[Stored dataset items]
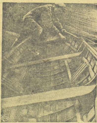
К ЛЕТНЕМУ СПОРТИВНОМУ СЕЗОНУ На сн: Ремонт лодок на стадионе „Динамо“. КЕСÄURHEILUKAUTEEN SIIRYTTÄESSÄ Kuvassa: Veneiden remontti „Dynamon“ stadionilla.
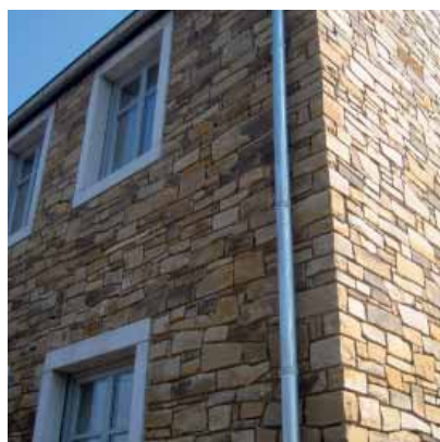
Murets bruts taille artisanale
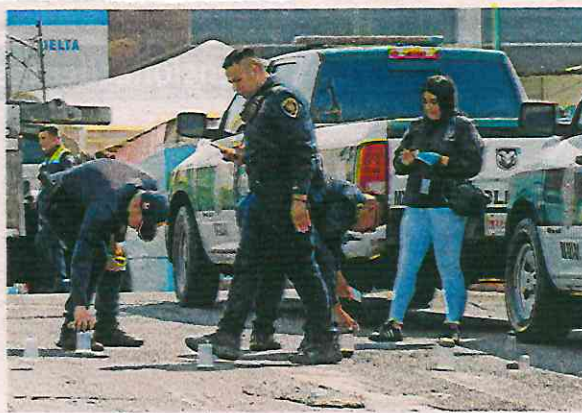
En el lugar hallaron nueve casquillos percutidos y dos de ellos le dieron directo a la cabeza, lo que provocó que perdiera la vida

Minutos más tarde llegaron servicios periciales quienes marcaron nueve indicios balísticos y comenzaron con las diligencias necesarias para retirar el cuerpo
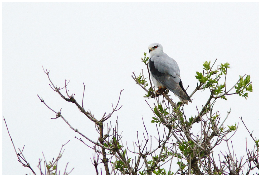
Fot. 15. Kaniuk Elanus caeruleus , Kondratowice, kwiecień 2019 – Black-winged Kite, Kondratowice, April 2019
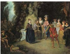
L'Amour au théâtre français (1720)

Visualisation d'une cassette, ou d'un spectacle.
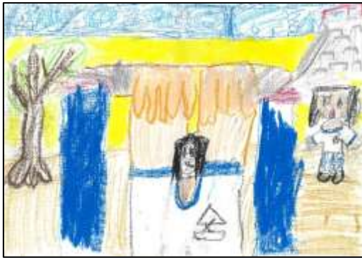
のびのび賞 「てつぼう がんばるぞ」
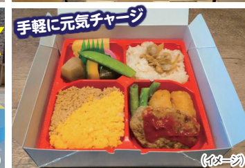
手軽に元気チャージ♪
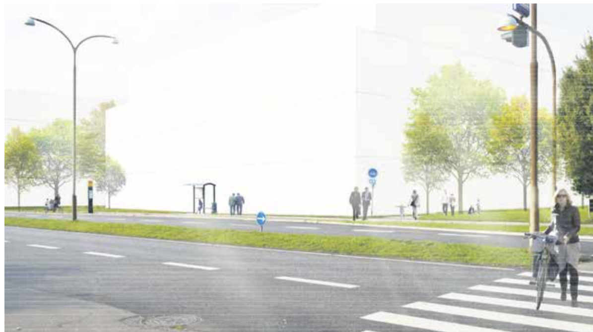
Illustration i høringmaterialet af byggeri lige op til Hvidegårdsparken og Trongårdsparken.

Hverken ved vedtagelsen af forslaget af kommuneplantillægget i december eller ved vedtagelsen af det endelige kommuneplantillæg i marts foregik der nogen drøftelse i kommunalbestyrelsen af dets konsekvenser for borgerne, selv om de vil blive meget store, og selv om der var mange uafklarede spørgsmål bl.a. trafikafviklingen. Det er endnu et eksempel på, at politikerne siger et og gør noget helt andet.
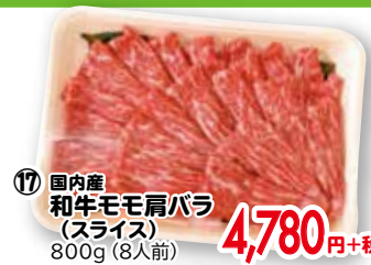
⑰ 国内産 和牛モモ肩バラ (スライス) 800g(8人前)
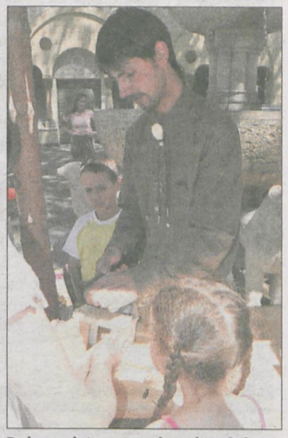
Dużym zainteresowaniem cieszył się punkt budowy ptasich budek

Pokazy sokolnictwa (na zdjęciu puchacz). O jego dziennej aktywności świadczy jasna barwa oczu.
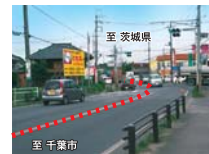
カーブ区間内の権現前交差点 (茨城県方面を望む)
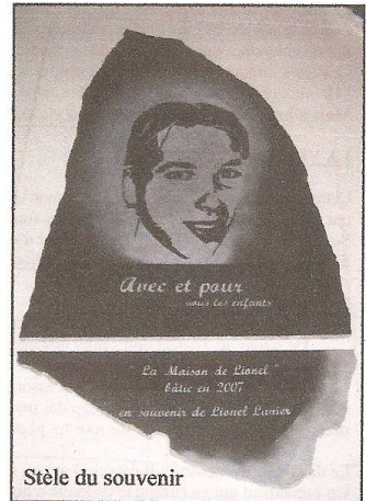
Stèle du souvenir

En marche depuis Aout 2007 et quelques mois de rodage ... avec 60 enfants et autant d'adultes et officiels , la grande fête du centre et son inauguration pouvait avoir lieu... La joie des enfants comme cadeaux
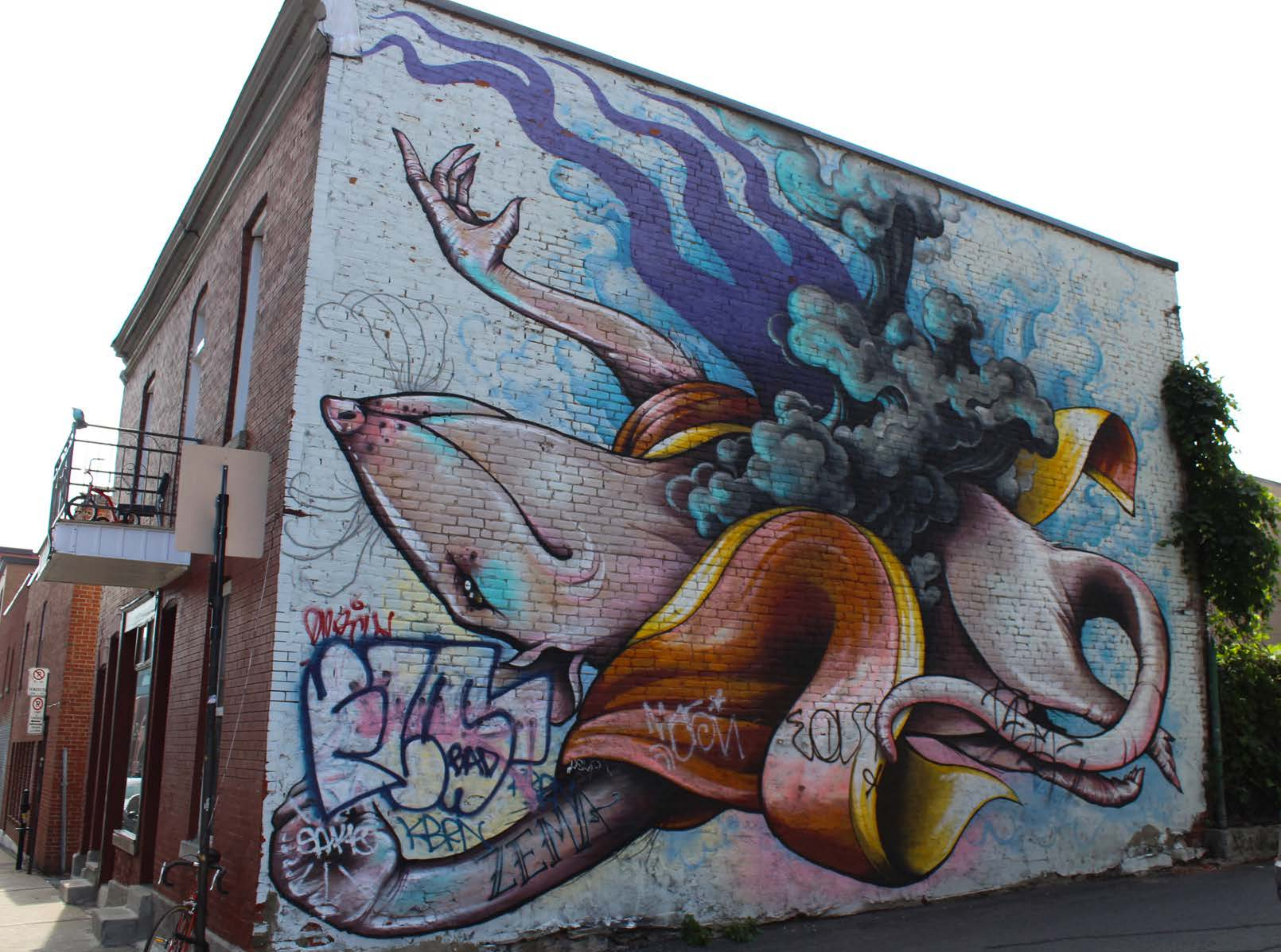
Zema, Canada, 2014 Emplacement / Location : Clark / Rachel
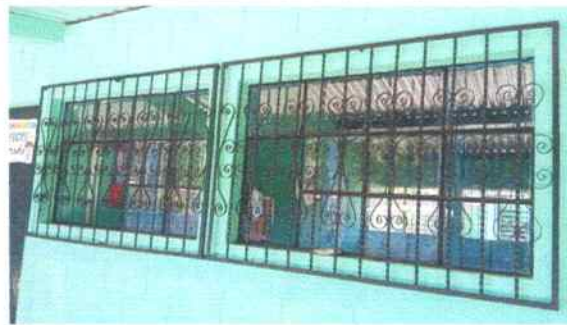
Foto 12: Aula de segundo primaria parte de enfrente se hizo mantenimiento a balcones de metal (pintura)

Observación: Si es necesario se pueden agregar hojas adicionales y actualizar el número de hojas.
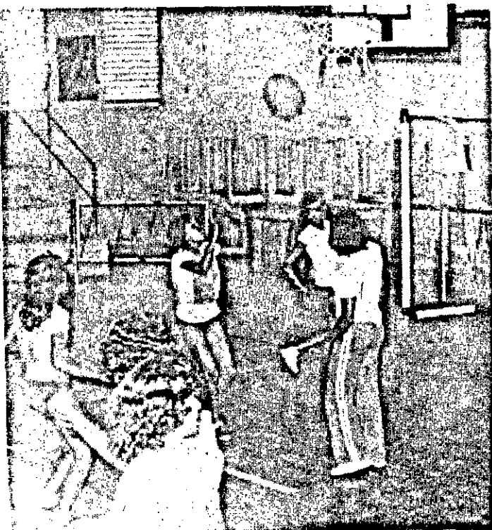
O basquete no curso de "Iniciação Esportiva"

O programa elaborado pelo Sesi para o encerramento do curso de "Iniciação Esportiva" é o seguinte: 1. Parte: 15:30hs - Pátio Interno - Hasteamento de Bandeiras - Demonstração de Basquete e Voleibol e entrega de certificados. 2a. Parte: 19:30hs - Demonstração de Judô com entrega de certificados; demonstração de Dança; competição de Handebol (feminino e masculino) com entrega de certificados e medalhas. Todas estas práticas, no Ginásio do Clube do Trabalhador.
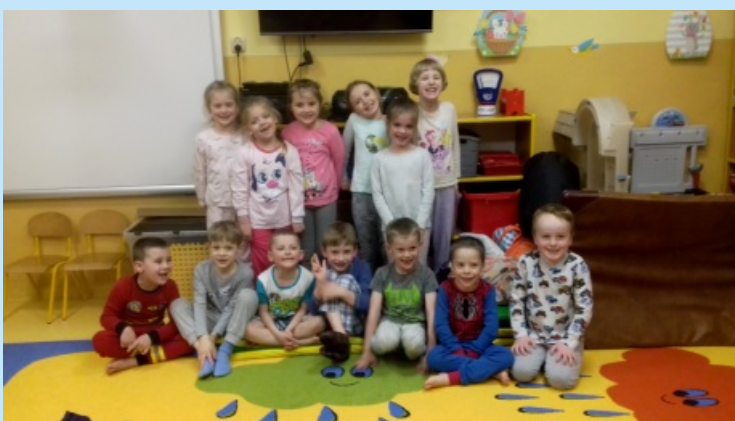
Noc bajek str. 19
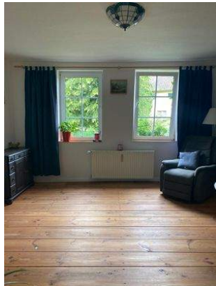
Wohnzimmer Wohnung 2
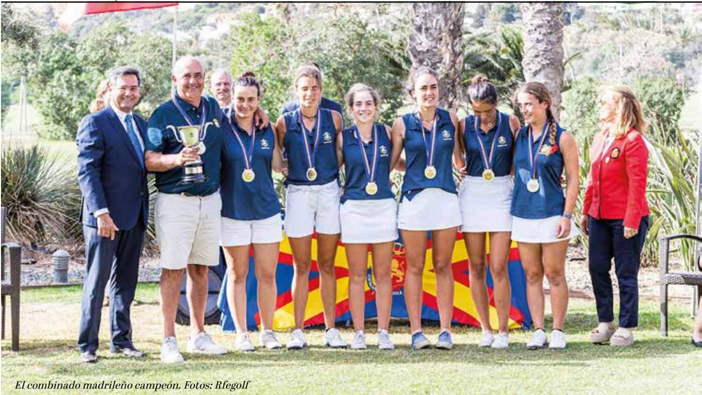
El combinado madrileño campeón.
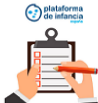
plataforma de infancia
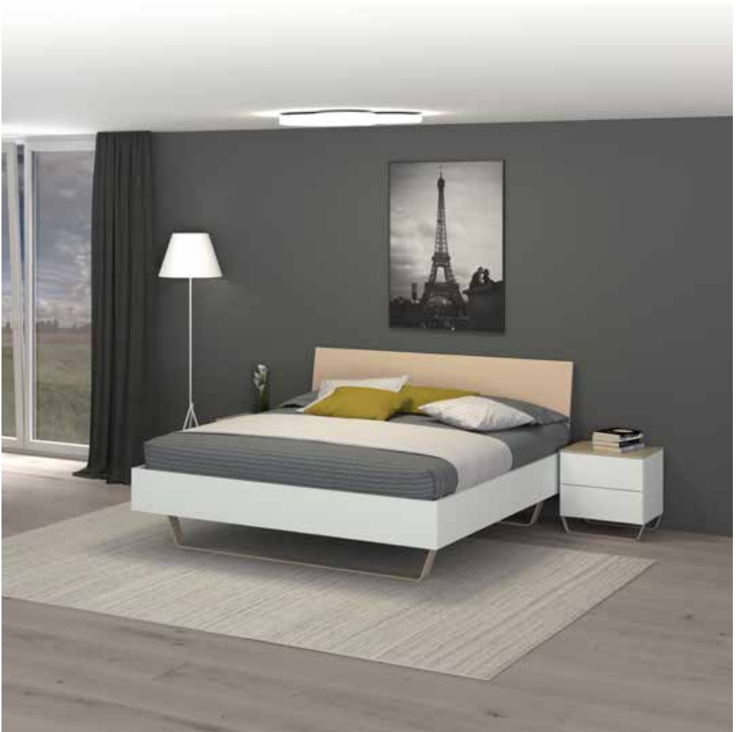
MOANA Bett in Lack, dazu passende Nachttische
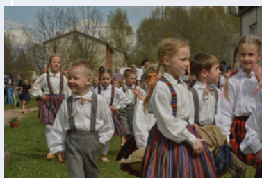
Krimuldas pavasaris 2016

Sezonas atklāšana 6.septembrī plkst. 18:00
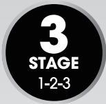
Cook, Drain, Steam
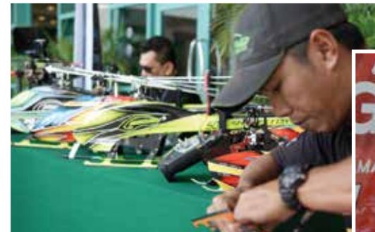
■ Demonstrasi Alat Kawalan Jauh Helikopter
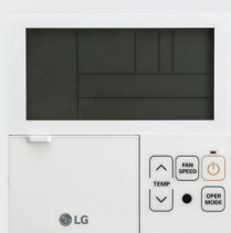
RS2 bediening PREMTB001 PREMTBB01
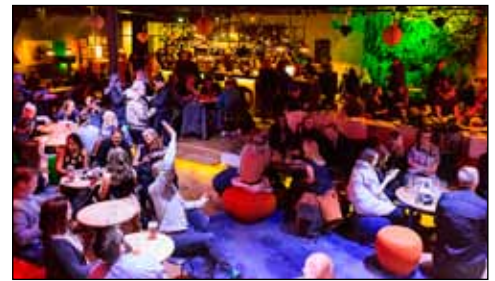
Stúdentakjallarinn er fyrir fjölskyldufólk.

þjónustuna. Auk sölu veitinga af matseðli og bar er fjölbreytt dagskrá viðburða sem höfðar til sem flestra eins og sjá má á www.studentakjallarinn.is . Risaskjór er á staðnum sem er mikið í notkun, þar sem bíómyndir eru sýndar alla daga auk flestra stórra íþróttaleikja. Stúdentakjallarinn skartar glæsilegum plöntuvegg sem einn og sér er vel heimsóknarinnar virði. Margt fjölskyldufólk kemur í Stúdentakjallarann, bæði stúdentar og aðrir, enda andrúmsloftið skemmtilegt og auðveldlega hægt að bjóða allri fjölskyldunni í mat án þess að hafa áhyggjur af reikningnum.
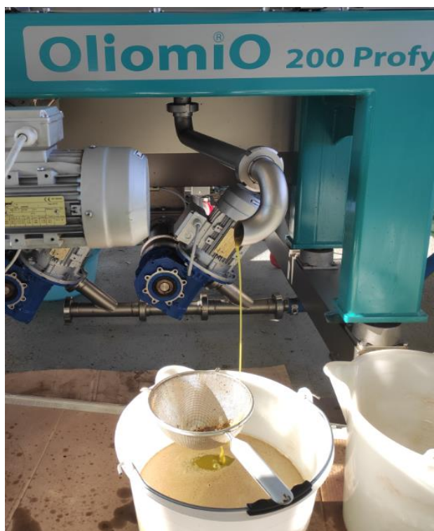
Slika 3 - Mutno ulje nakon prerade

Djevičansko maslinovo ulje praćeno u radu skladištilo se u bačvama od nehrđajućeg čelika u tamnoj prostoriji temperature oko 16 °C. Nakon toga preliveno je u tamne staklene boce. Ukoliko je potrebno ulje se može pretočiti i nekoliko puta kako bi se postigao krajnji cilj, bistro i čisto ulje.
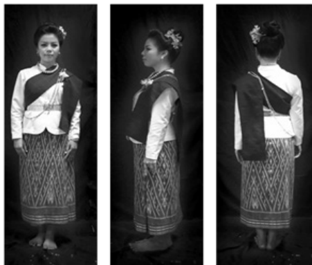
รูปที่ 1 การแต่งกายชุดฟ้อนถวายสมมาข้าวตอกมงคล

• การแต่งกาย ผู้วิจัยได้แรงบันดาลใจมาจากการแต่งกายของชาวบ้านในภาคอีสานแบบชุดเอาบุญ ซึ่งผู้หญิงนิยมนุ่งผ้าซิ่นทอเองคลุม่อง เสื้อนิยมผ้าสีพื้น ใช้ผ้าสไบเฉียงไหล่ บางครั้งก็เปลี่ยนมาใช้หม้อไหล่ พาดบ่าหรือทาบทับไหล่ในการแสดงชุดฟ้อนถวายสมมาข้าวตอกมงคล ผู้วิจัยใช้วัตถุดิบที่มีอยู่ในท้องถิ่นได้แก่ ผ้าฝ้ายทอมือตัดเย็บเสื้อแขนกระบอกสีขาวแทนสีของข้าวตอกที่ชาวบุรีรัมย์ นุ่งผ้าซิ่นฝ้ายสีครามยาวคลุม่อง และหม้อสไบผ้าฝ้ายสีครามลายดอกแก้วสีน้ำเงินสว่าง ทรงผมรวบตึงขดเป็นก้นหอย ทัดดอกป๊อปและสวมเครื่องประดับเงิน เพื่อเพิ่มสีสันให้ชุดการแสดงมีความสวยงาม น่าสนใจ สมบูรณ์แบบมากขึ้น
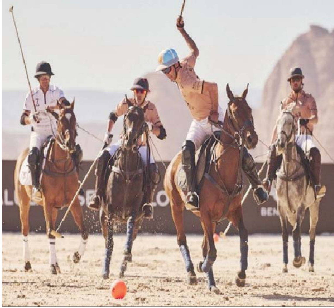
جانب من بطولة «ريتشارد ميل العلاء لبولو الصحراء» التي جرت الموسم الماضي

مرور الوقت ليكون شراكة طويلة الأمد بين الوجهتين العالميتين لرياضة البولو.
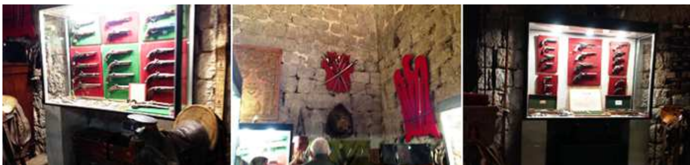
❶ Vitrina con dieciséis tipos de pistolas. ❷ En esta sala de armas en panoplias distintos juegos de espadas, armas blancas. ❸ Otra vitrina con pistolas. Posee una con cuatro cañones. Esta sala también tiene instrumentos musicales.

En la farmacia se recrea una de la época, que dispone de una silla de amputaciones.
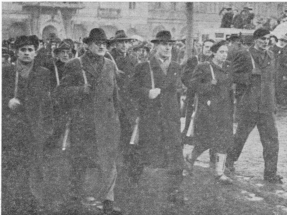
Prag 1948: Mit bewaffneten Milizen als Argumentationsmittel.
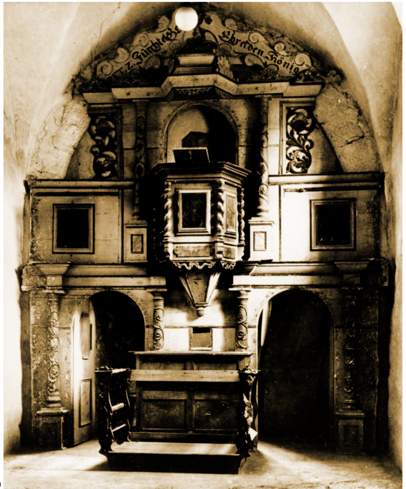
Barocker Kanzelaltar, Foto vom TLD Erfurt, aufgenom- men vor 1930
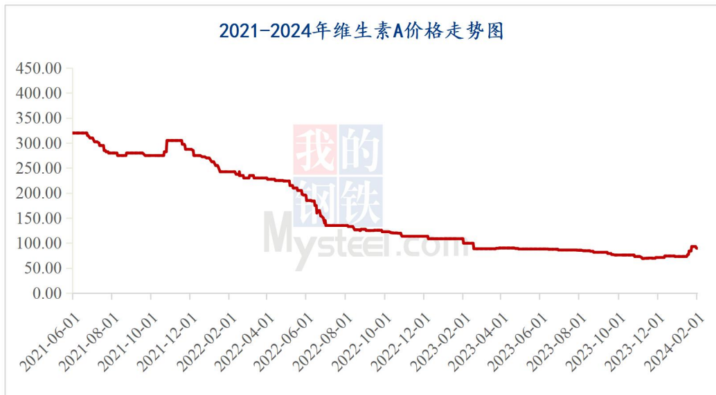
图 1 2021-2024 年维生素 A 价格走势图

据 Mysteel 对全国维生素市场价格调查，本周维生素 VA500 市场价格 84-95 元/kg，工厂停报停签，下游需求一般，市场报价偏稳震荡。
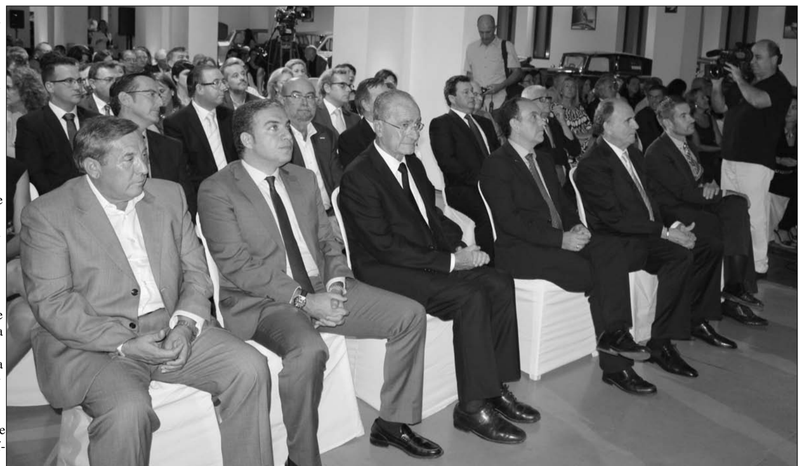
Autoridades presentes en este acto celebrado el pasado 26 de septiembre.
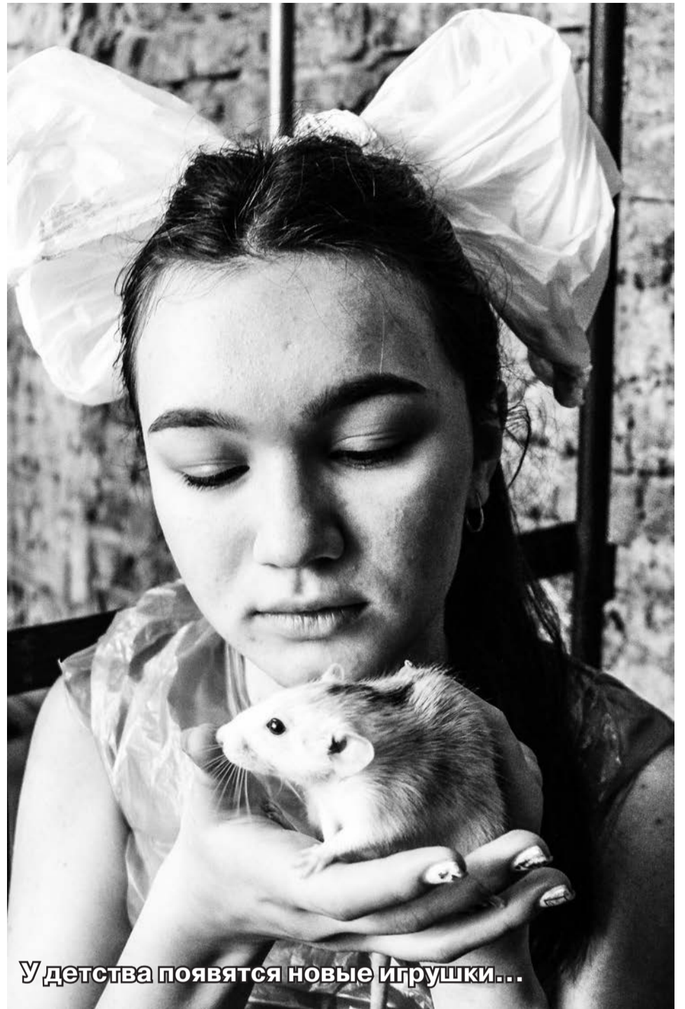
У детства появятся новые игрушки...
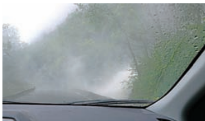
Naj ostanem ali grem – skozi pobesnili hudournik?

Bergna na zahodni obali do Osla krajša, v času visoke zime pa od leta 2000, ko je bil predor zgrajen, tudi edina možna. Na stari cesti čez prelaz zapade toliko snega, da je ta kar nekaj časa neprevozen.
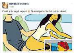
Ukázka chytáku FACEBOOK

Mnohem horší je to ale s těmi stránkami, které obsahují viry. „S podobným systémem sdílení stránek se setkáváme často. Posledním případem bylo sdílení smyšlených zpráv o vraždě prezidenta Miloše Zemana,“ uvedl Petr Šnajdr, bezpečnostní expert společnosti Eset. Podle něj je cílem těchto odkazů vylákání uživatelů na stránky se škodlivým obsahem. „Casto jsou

- Requirement
For this exercise, reproduce exactly the lines of the records above from the one with "Djevičansko maslinovo ulje" up to and including the one with "รูปที่ 1 การแต่งกายชุดฟ้อนถวายสมมาข้าวตอกมงคล", without pictures.

- Answer box
Djevičansko maslinovo ulje praćeno u radu skladištilo se u bačvama od nehrđajućeg čelika u tamnoj prostoriji temperature oko 16 °C. Nakon toga preliveno je u tamne staklene boce. Ukoliko je potrebno ulje se može pretočiti i nekoliko puta kako bi se postigao krajnji cilj, bistro i čisto ulje.
รูปที่ 1 การแต่งกายชุดฟ้อนถวายสมมาข้าวตอกมงคล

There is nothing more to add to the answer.